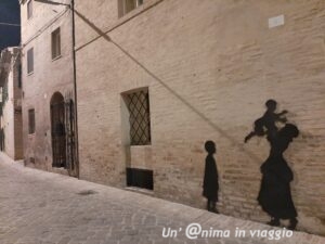 I dipinti che più mi hanno colpito sono quelli dell’artista Agis Sulaj, che puntano dritto al cuore: oltre al murales di Fellini, in Piazzetta Gabena, attorniato dai volti dei suoi personaggi con le loro espressioni caratteristiche, e il maestro che se li guarda, propone il tema dei migranti con il murales dell’ uomo con la valigia col fondo rotto, che va chissà dove..
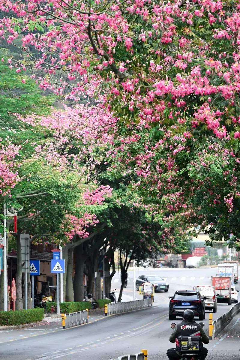 深圳市光明区星湖路变身“花隧道”,公交车穿行其中,恍如误入漫画场景。
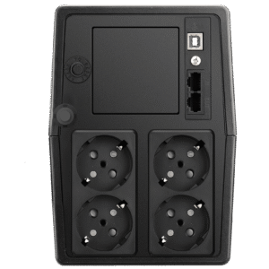 SAI interactivo (AVR) de 600 VA para proteger PCs, NAS y electrónica de red frente a picos, microcortes y caídas de tensión. Continuidad fiable para hogar y oficina.
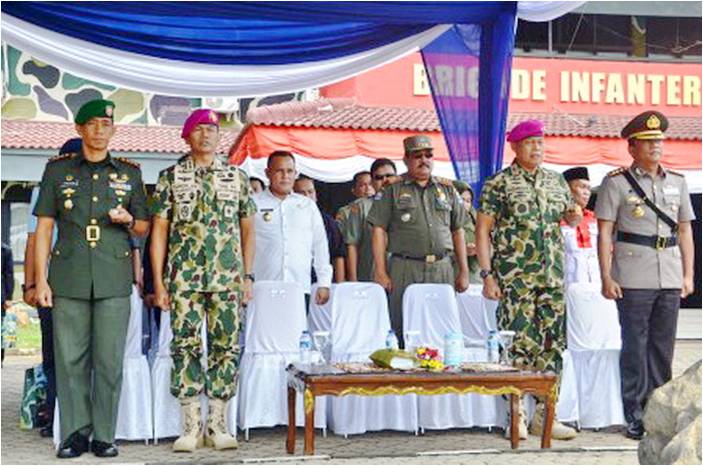 Komandan Korem 043/Garuda Hitam, Kolonel Kav Supriatna S,IP,MM Menghadiri Acara Sertijab Pucuk Pimpinan Komandan Brigade Infanteri (Danbrigif) 3 / Marinir Piabung Pesawaran, yang diserahkan kepada Kolonel Marinir Werijon yang akan digantikan oleh Kolonel Marinir Hermanto ,SE.MM yang dilaksanakan pada hari Rabu, tanggal 31 Agustus 2016.
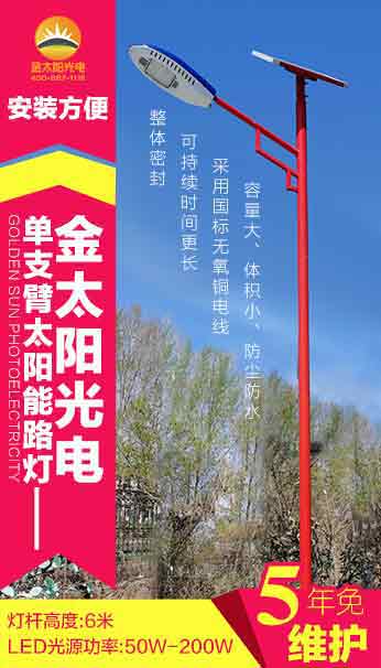 黑龍江金太陽光電自主研發設計的新款太陽能路燈上市,歡迎新老客戶前來淺談業務。
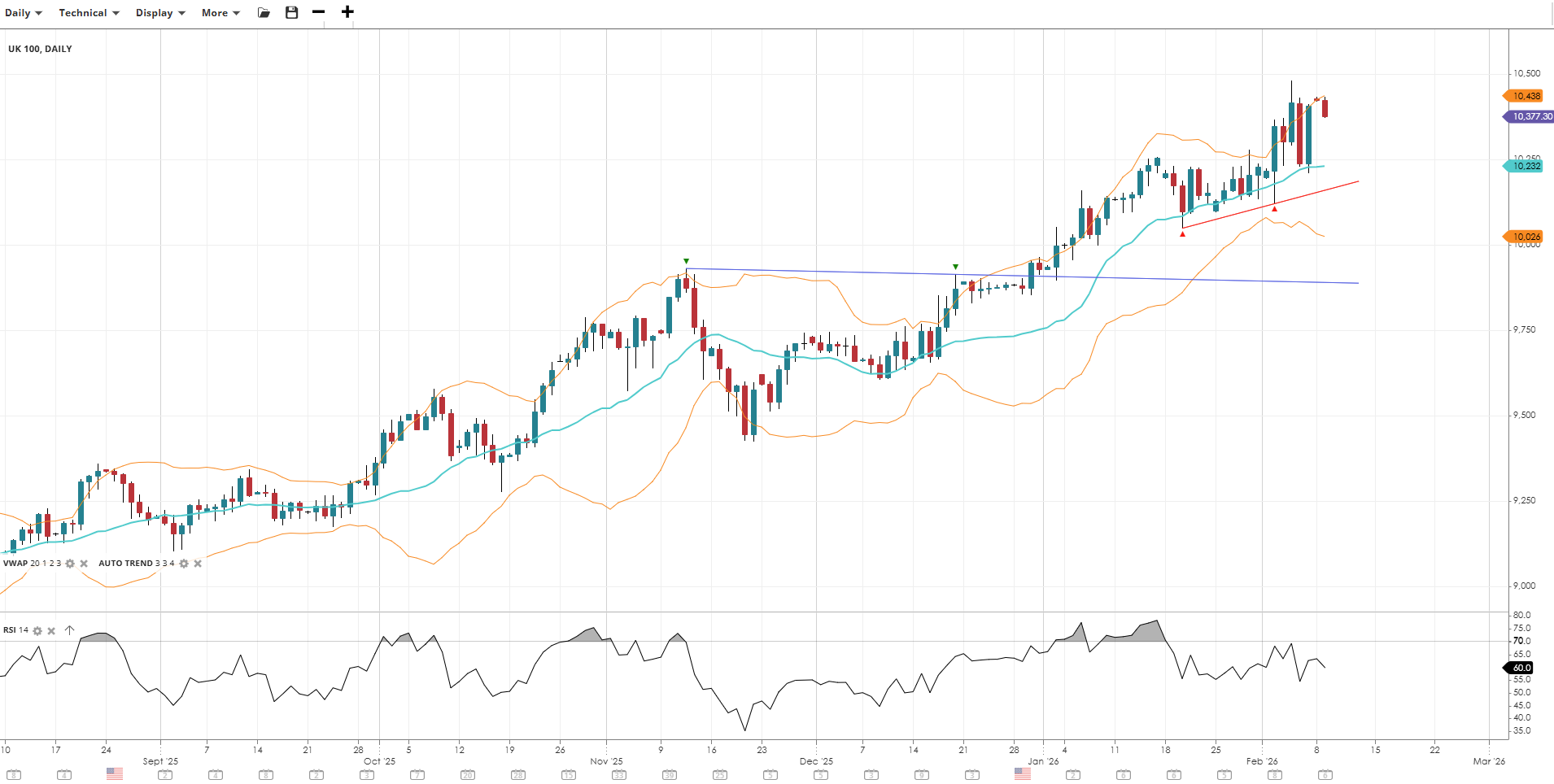 UK 100 has broken to new highs above 10,400, trading above the VWAP with strong bullish momentum. RSI has risen above 60, signaling increasing buying pressure as the index extends its bullish trend. Support holds comfortably above the 10k level.
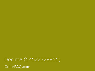 Decimal 14522328851 Color is a normal yellow color and the nearest color is Dark Yellow #9b870c. Hex code #939209 and RGB value is rgb(147,146,9). In RGB color space, this color is composed of 58% red, 57% green, 4% blue, In CMYK color space, this color is composed of 0% cyan, 1% magenta, 94% yellow , 42% black , In HSL color space, this color has a hue angle of 60° , 88% saturation and 31% lightness.
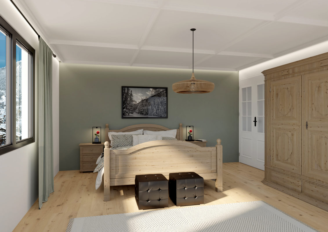 3D-Rendering Chalet Schlafzimmer - Zugerberg
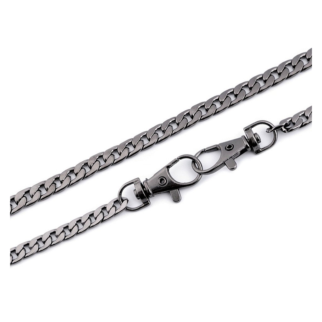 Řetízek na kabelky plochý s karabinou 120 cm, černý nikl
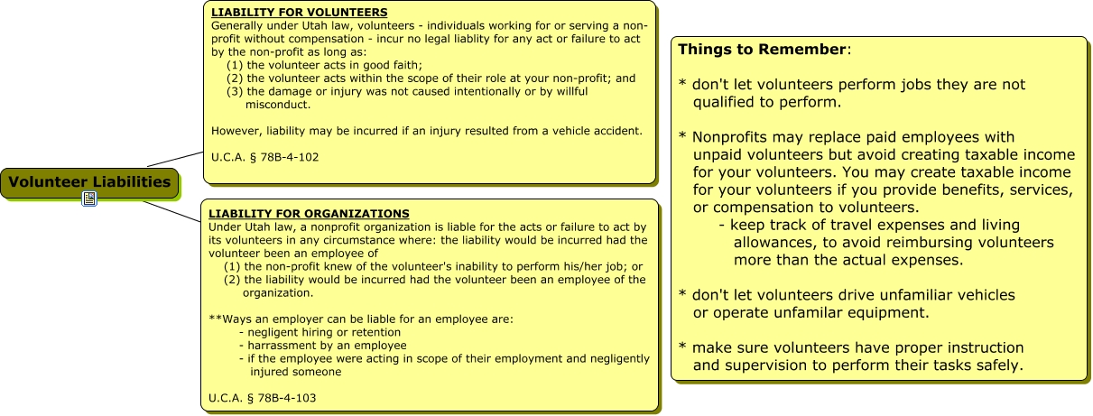 This Concept Map, created with IHMC CmapTools, has information related to: Volunteer Liability, Volunteer Liabilities ???? LIABILITY FOR ORGANIZATIONS Under Utah law, a nonprofit organization is liable for the acts or failure to act by its volunteers in any circumstance where: the liability would be incurred had the volunteer been an employee of (1) the non-profit knew of the volunteer's inability to perform his/her job; or (2) the liability would be incurred had the volunteer been an employee of the organization. **Ways an employer can be liable for an employee are: - negligent hiring or retention - harrassment by an employee - if the employee were acting in scope of their employment and negligently injured someone U.C.A. § 78B-4-103, Volunteer Liabilities ???? LIABILITY FOR VOLUNTEERS Generally under Utah law, volunteers - individuals working for or serving a non- profit without compensation - incur no legal liablity for any act or failure to act by the non-profit as long as: (1) the volunteer acts in good faith; (2) the volunteer acts within the scope of their role at your non-profit; and (3) the damage or injury was not caused intentionally or by willful misconduct. However, liability may be incurred if an injury resulted from a vehicle accident. U.C.A. § 78B-4-102
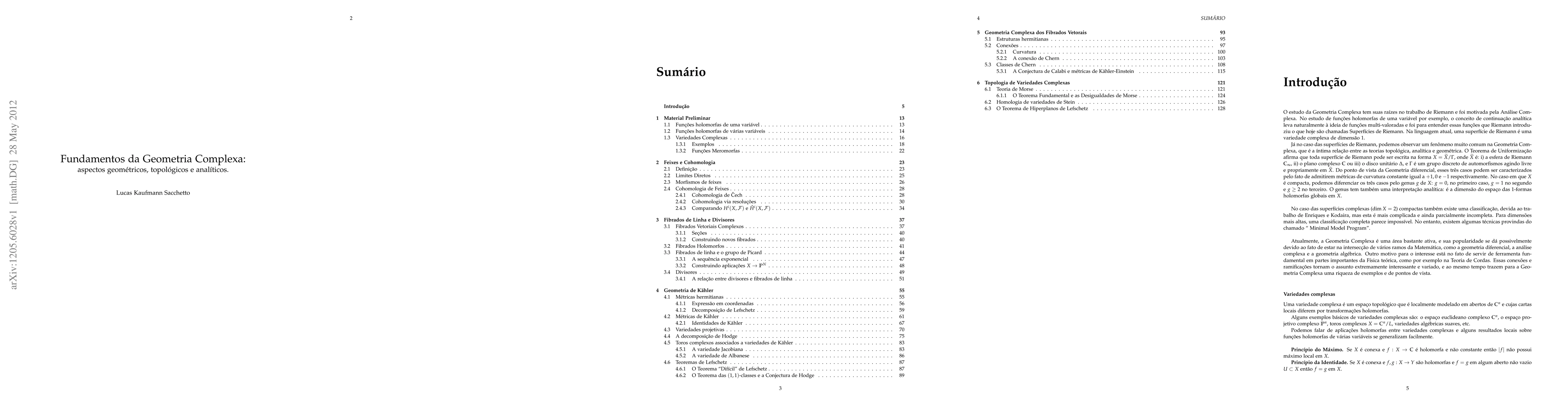 The main goal of this work is to present a detailed study of the foundations of Complex Geometry, highlighting its geometrical, topological and analytical aspects. Beginning with a preliminary material, such as the basic results on holomorphic functions in one or more variables and the definition and first examples of a complex manifold, we move on to an introduction to sheaf theory and its cohomology, an essential tool to the rest of the work. After a discussion on divisors and line bundles we turn attention to K\"ahler Geometry and its central results, such as the Hodge Decomposition Theorem, the Hard Lefschetz Theorem and the Lefschetz Theorem on $(1,1)$-classes. After that, we study complex vector bundles and its geometry, focusing on the concepts of connections, curvature and Chern classes. Finally, we finish by describing some aspects of the topology of complex manifolds, such as the Lefschetz Hyperplane Theorem and some of its consequences.
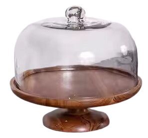 Wooden Cake Stand Luxury Design Kitchenware Tray Glass Dome Cover for Home & Bakery Wholesale Price Partyware Dessert Display
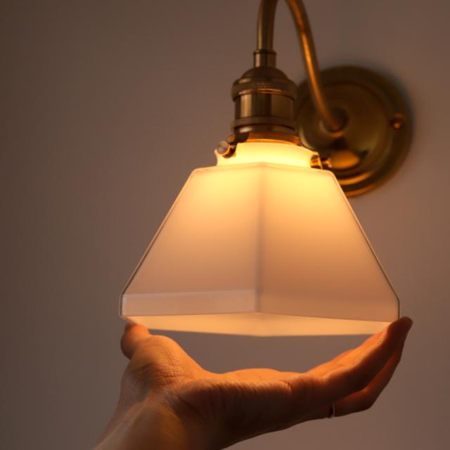 『レトロエントランスライト ブラス』+『ガラスシェードポリゴン』の灯具・シェードセット。
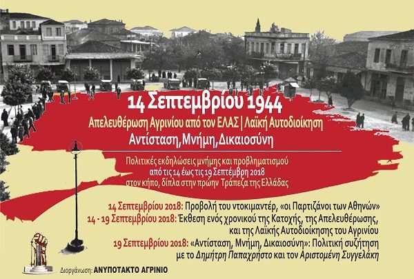 Το Ανυπότακτο Αγρίνιο τιμώντας και φέτος την 14η Σεπτεμβρίου του 1944, ημέρα της απελευθέρωσης του Αγρινίου από τον ΕΛΑΣ, καθώς και τη λειτουργία, αμέσως μετά, του 1ου Λαϊκού Δημοτικού Συμβουλίου, πραγματοποιεί μια σειρά από εκδηλώσεις με το γενικό τίτλο: «Αντίσταση, Μνήμη, Δικαιοσύνη». Οι εκδηλώσεις αυτές θα πραγματοποιηθούν, στον κήπο της Tράπεζας της Ελλάδας από τις 14 έως τις 19 Σεπτεμβρίου 2018.
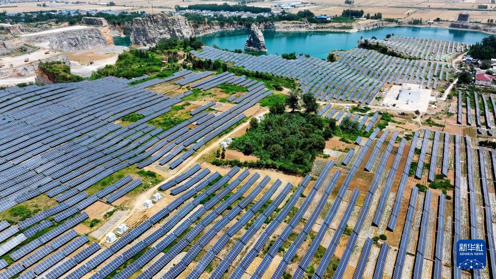 这是6月4日拍摄的菏泽市巨野县核桃园镇青龙山旅游度假区里的光伏发电项目。该度假区是当地对关停矿山、废弃矿坑进行综合治理和生态修复后打造而成的(无人机照片)。
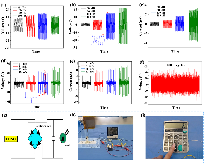 图3 本工作设计的PENG (a)-(c) 对于噪音能量的收集 (d)-(f) 对于风能的收集 (g-i) 经整流电路设计实现为小型电子设备供能
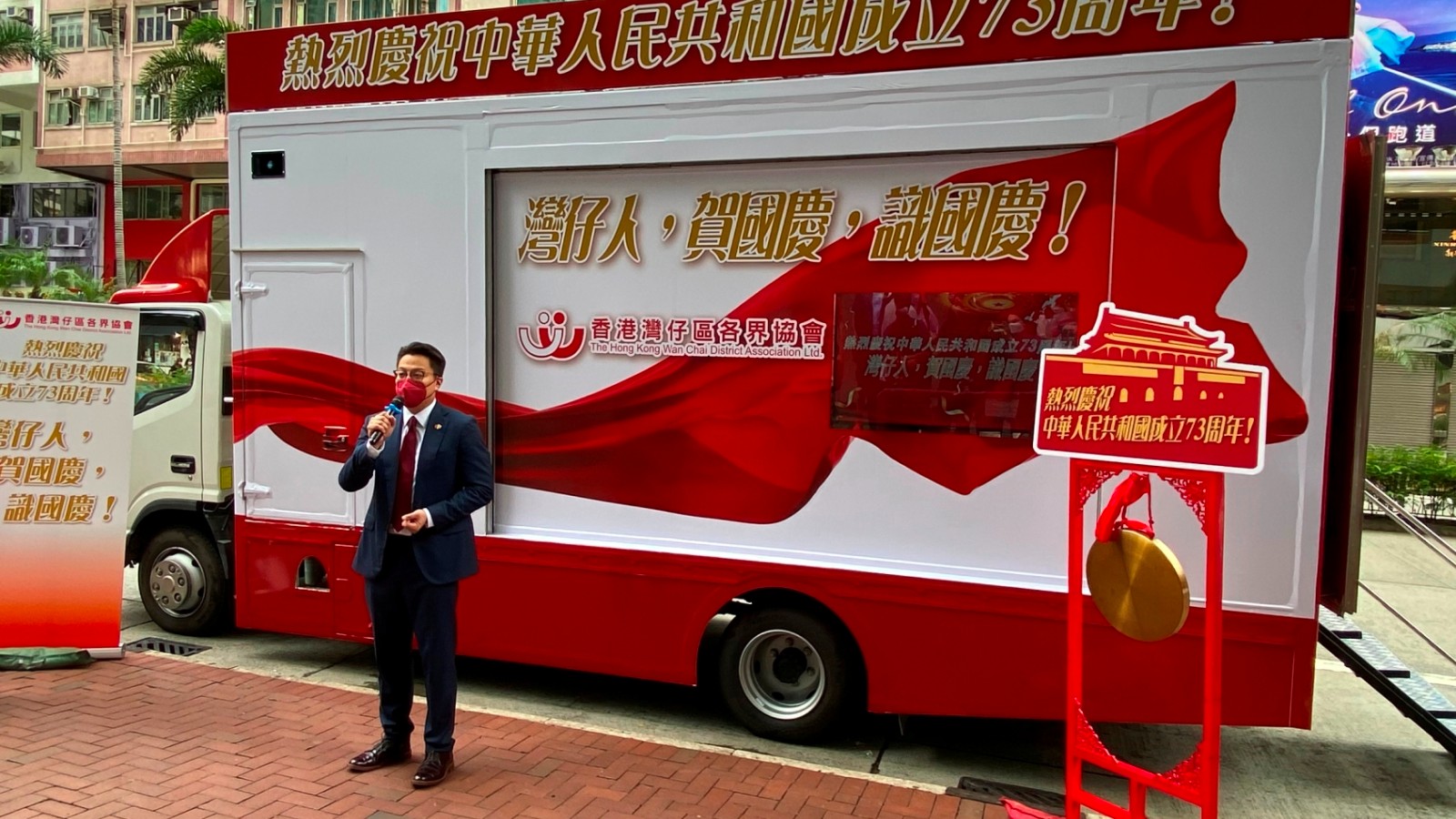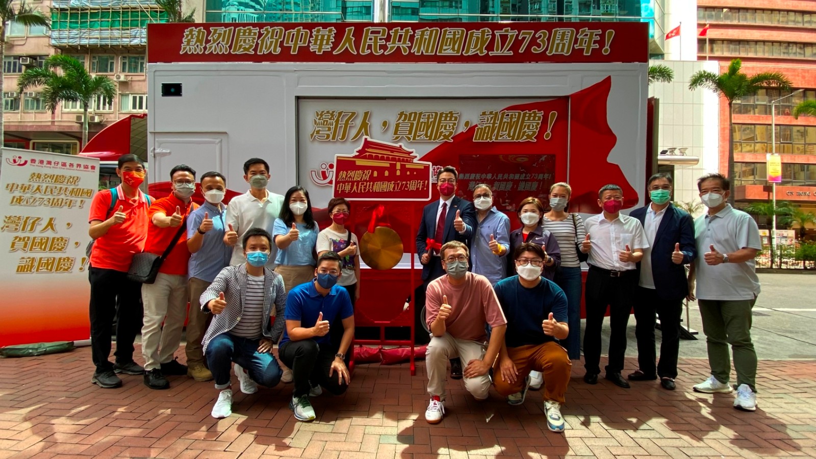 「灣仔人,賀國慶,識國慶!」宣傳車巡遊活動今日(1日)於灣仔舉行,大會並於軒尼詩道鬧市舉行啟動儀式,出席儀式的嘉賓包括:創新科技及工業局局長政治助理廖添誠、香港灣仔區各界協會副主席孫日孝、周錦威、閻偉寧、伍凱誠、林源森;灣仔建設連線成員:灣仔區議會副主席林偉文、李文龍、周潔冰、吳澤森、黃守東、莫繡安、李文偉及宋芝齡。

----

> **Work task**
Print nothing but the lines above starting with the line that contains "SAI interactivo (AVR)" and going on through the line that contains "黑龍江金太陽光電自主研發設計的新款太陽能路燈上市,歡迎新老客戶前來淺談業務。". Leave out the pictures.

> **Result**
 SAI interactivo (AVR) de 600 VA para proteger PCs, NAS y electrónica de red frente a picos, microcortes y caídas de tensión. Continuidad fiable para hogar y oficina.
 Komandan Korem 043/Garuda Hitam, Kolonel Kav Supriatna S,IP,MM Menghadiri Acara Sertijab Pucuk Pimpinan Komandan Brigade Infanteri (Danbrigif) 3 / Marinir Piabung Pesawaran, yang diserahkan kepada Kolonel Marinir Werijon yang akan digantikan oleh Kolonel Marinir Hermanto ,SE.MM yang dilaksanakan pada hari Rabu, tanggal 31 Agustus 2016.
 黑龍江金太陽光電自主研發設計的新款太陽能路燈上市,歡迎新老客戶前來淺談業務。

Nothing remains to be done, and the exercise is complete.